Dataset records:
• • • •
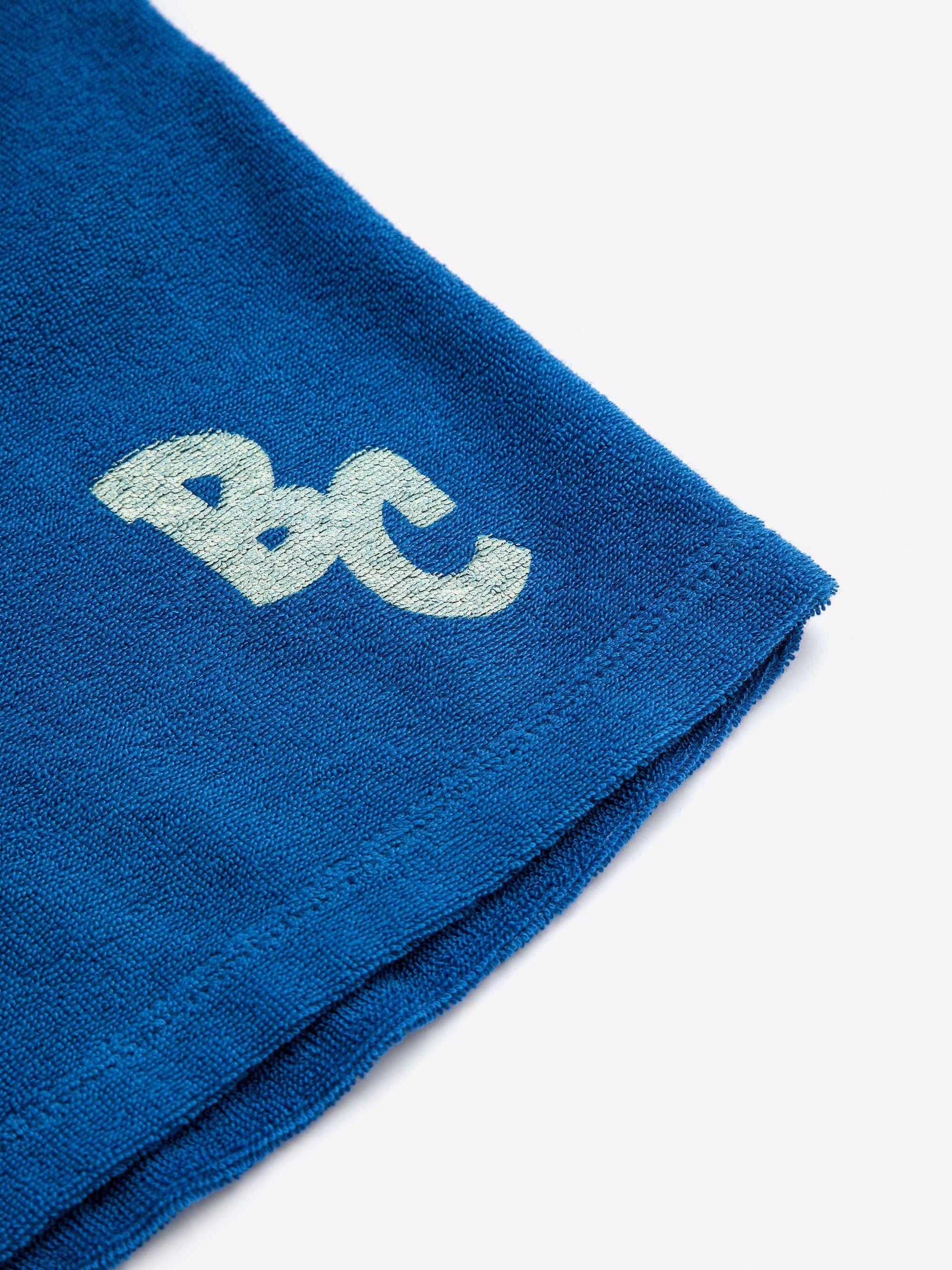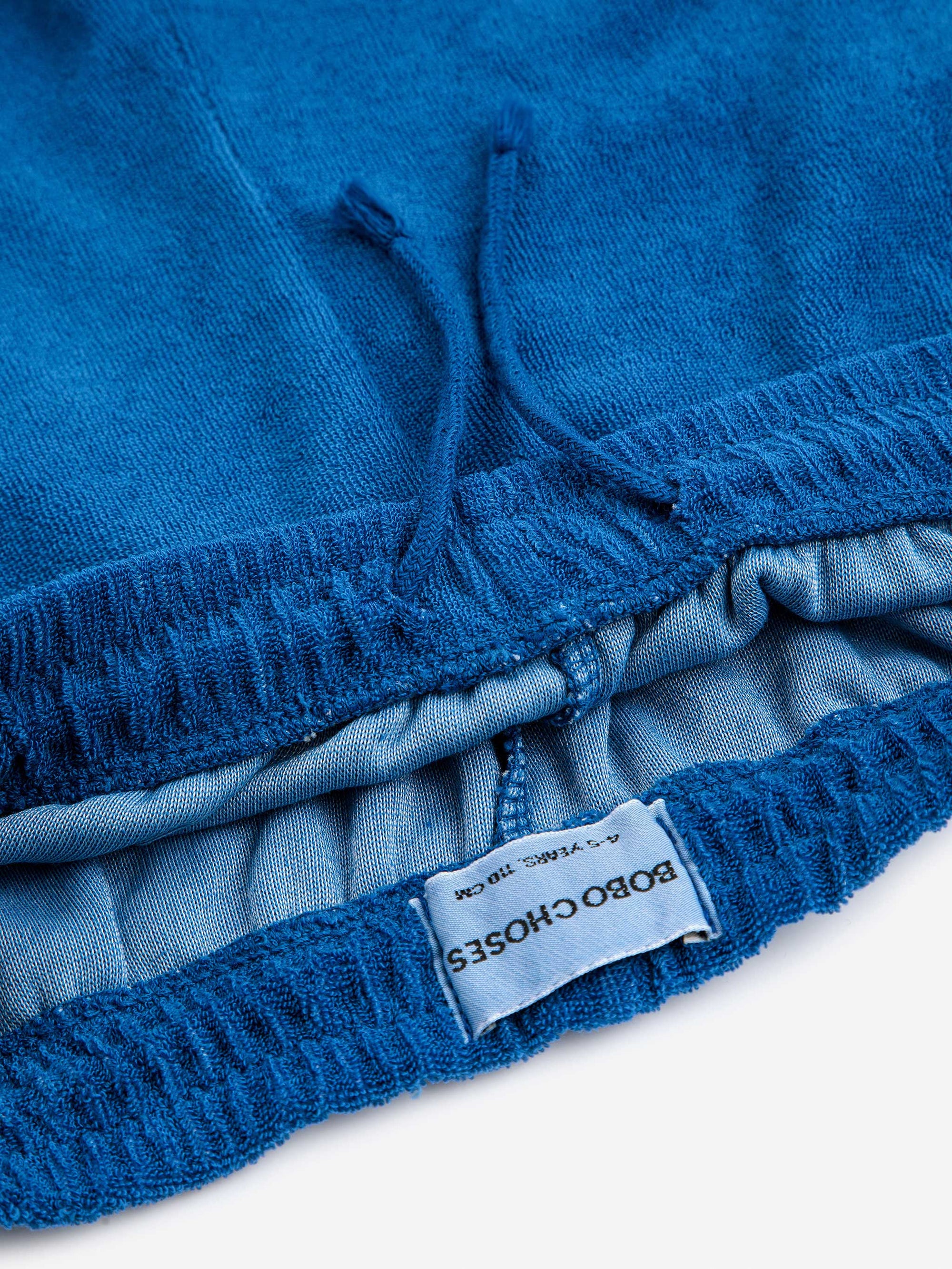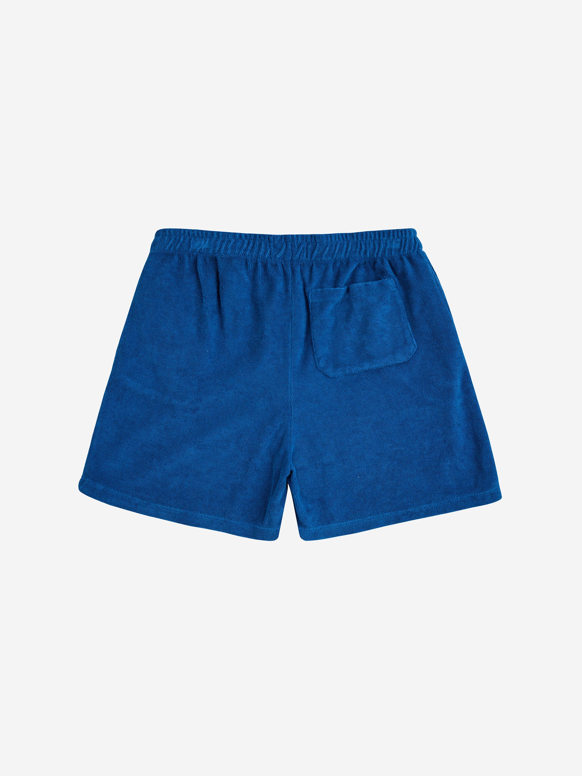 Short bleu 85% coton, 15% polyester. Conçu avec un entrejambe régulier, une taille élastiquée, une coupe ample, un cordon de serrage régulier et réglable, une longueur au-dessus du genou et une poche dans la couture. Fabriqué en Espagne.
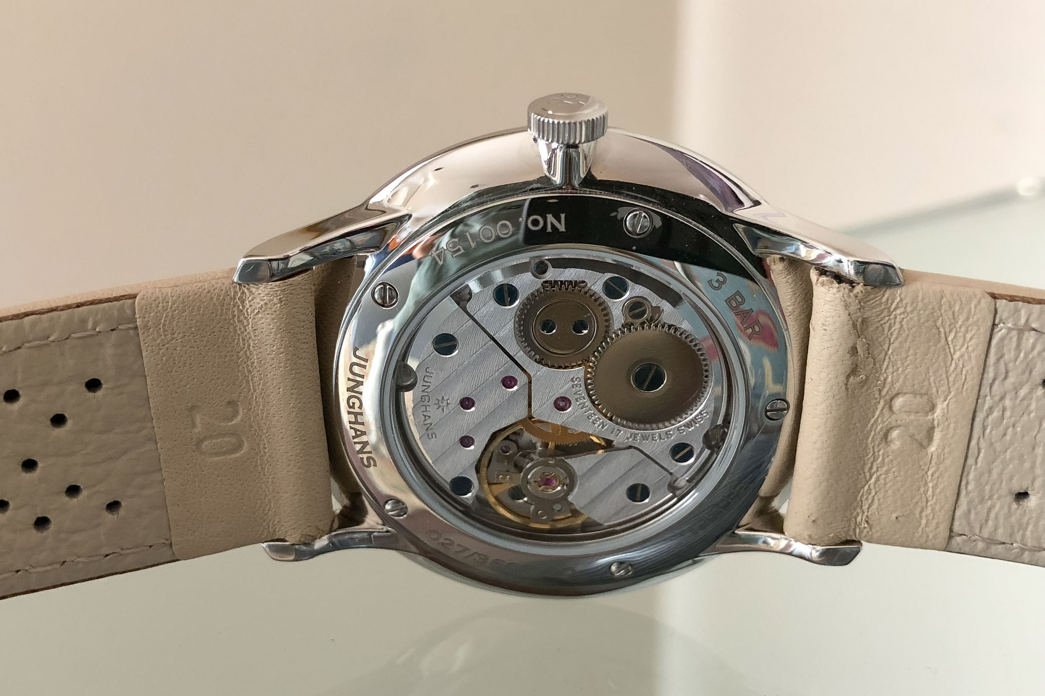 Unlike the traditional round case from Junghans, Farer produced a compact cushion case that’s 37mm in diameter with sapphire crystals on both the front and back. The dial is the star of the show, presented with multiple layers, colours and textures. A piquet textured main dial has small notches around its perimeter for each hour and a punched section for the recessed seconds sub-dial. Polished numerals and batons sit on this textured section, while the outer second layer of the dial is dark blue. Raised markers with Super-LumiNova mark the hours on the outermost perimeter and everything combines into a deceptively complex aesthetic. The same ETA 7001 calibre from the Junghans Meister powers the Stanhope.
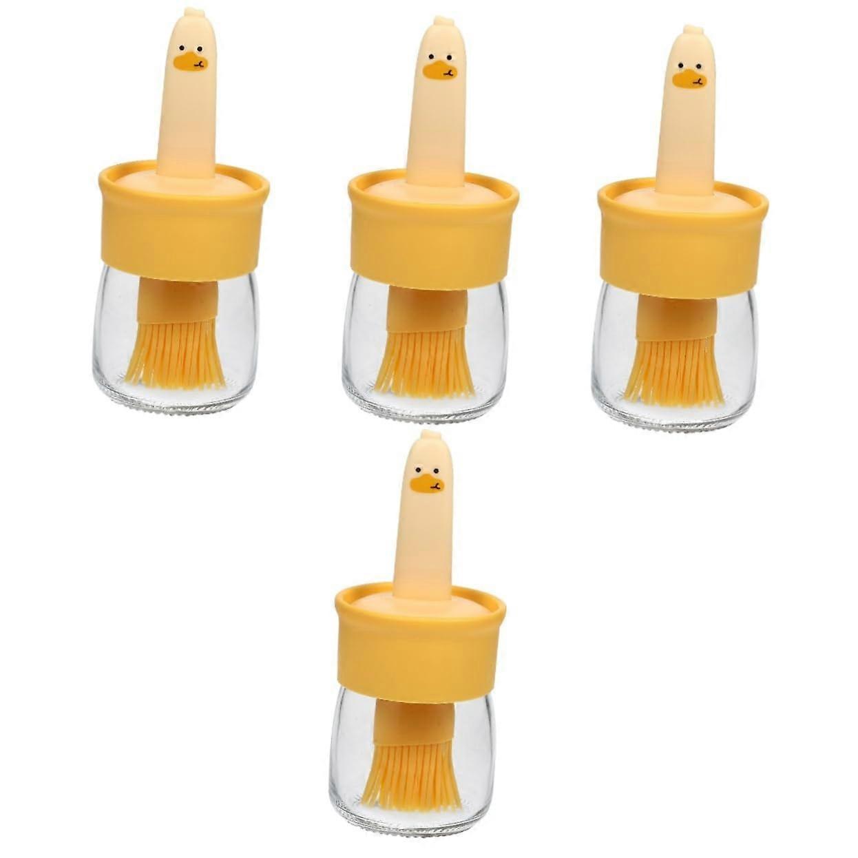 4 Pack Silicone Oil Brush Bottles for Cooking, BBQ Sauce, Baking and Grilling, Yellow Glass
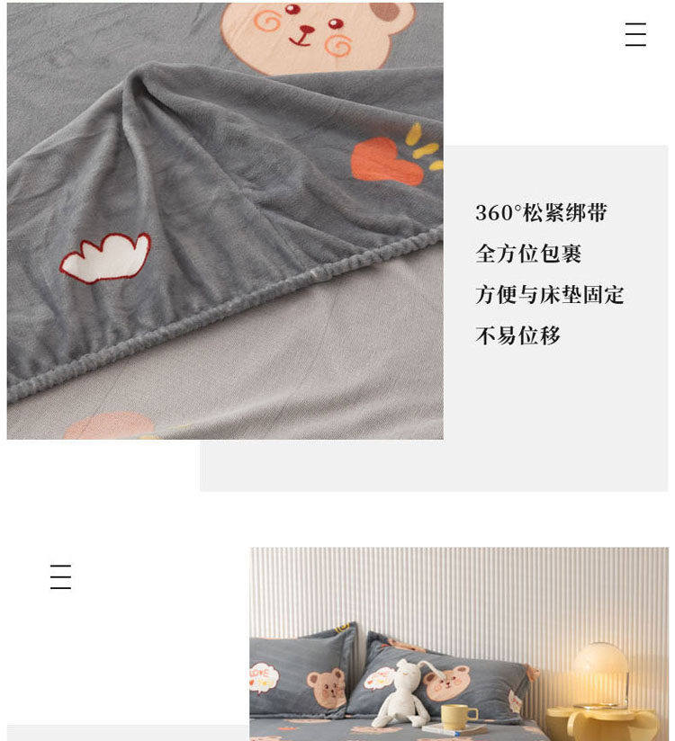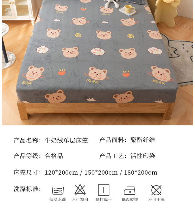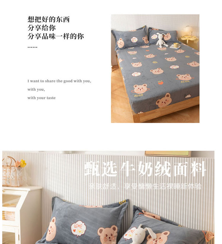 商品名称:梦家居 2021新款秋冬牛奶绒床笠单品 可爱小熊
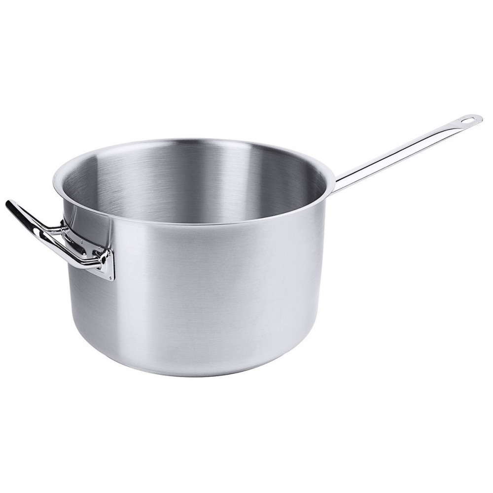 Cratita sos profesionala fara capac din Inox 18/10 cu finisaj satinat, conceputa pentru utilizare intensa in bucatariile din restaurante sau hoteluri, cantine sau catering. Baza formata prin presare Inox / Aluminiu / Inox de 0.7 cm asigura distribuirea uniforma a caldurii pe toata suprafata bazei si de asemenea reduce consumul de energie.
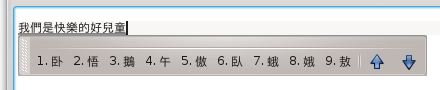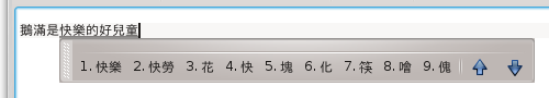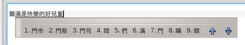 Since the word 『鵝』 is not in the candidate window, we hit Down to look for it, and it appears as the third candidate on that row.
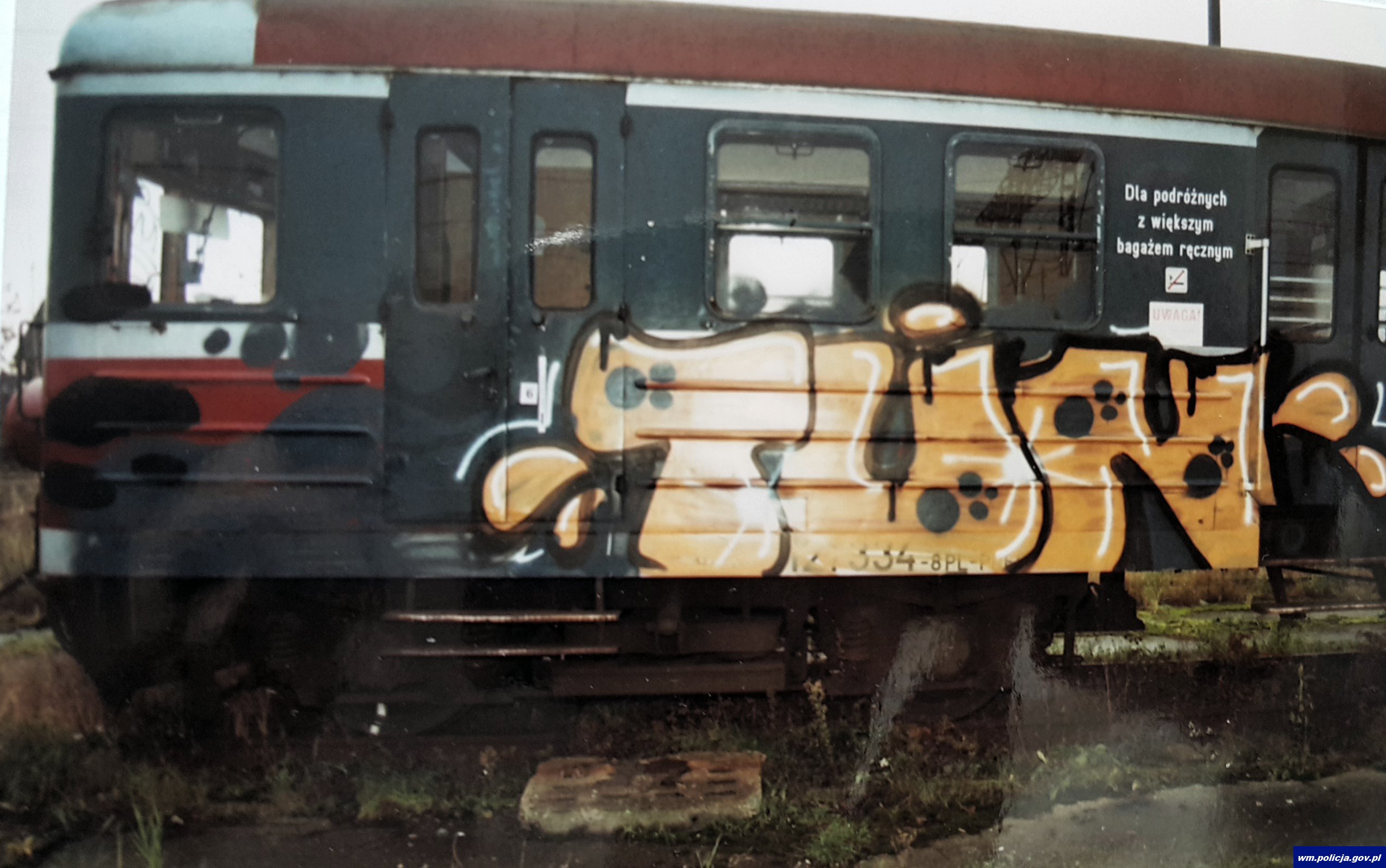 25-latek z Elbląga działał od sierpnia ubiegłego roku. Zostawiał swoje „tagi” (wykonane farbą stylizowane zapisy imion/pseudonimów) na wagonach stojących na bocznicach kolejowych oraz budowlach użyteczności publicznej. Podejrzany mężczyzna usłyszał wczoraj pięć zarzutów za malowywania pociągów oraz jeden zarzut zniszczenia elewacji wiaduktu drogowego. Straty jakie poniosły Przewozy Regionalne s-ka z o.o. w Olsztynie oraz Generalna Dyrekcja Dróg Krajowych i Autostrad to blisko 6 500 złotych.
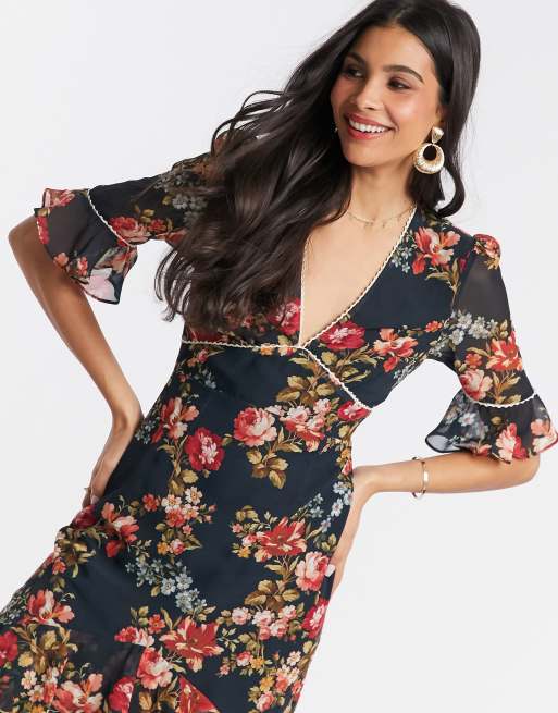 Hope and ivy fluted sleeve sale midi with cut out
• • • •
Exercise
We ask that the entries above be copied exactly, with the pictures omitted.

Written answer
 Short bleu 85% coton, 15% polyester. Conçu avec un entrejambe régulier, une taille élastiquée, une coupe ample, un cordon de serrage régulier et réglable, une longueur au-dessus du genou et une poche dans la couture. Fabriqué en Espagne.
 Unlike the traditional round case from Junghans, Farer produced a compact cushion case that’s 37mm in diameter with sapphire crystals on both the front and back. The dial is the star of the show, presented with multiple layers, colours and textures. A piquet textured main dial has small notches around its perimeter for each hour and a punched section for the recessed seconds sub-dial. Polished numerals and batons sit on this textured section, while the outer second layer of the dial is dark blue. Raised markers with Super-LumiNova mark the hours on the outermost perimeter and everything combines into a deceptively complex aesthetic. The same ETA 7001 calibre from the Junghans Meister powers the Stanhope.
 4 Pack Silicone Oil Brush Bottles for Cooking, BBQ Sauce, Baking and Grilling, Yellow Glass
 商品名称:梦家居 2021新款秋冬牛奶绒床笠单品 可爱小熊
 Cratita sos profesionala fara capac din Inox 18/10 cu finisaj satinat, conceputa pentru utilizare intensa in bucatariile din restaurante sau hoteluri, cantine sau catering. Baza formata prin presare Inox / Aluminiu / Inox de 0.7 cm asigura distribuirea uniforma a caldurii pe toata suprafata bazei si de asemenea reduce consumul de energie.
 Since the word 『鵝』 is not in the candidate window, we hit Down to look for it, and it appears as the third candidate on that row.
 25-latek z Elbląga działał od sierpnia ubiegłego roku. Zostawiał swoje „tagi” (wykonane farbą stylizowane zapisy imion/pseudonimów) na wagonach stojących na bocznicach kolejowych oraz budowlach użyteczności publicznej. Podejrzany mężczyzna usłyszał wczoraj pięć zarzutów za malowywania pociągów oraz jeden zarzut zniszczenia elewacji wiaduktu drogowego. Straty jakie poniosły Przewozy Regionalne s-ka z o.o. w Olsztynie oraz Generalna Dyrekcja Dróg Krajowych i Autostrad to blisko 6 500 złotych.
 Hope and ivy fluted sleeve sale midi with cut out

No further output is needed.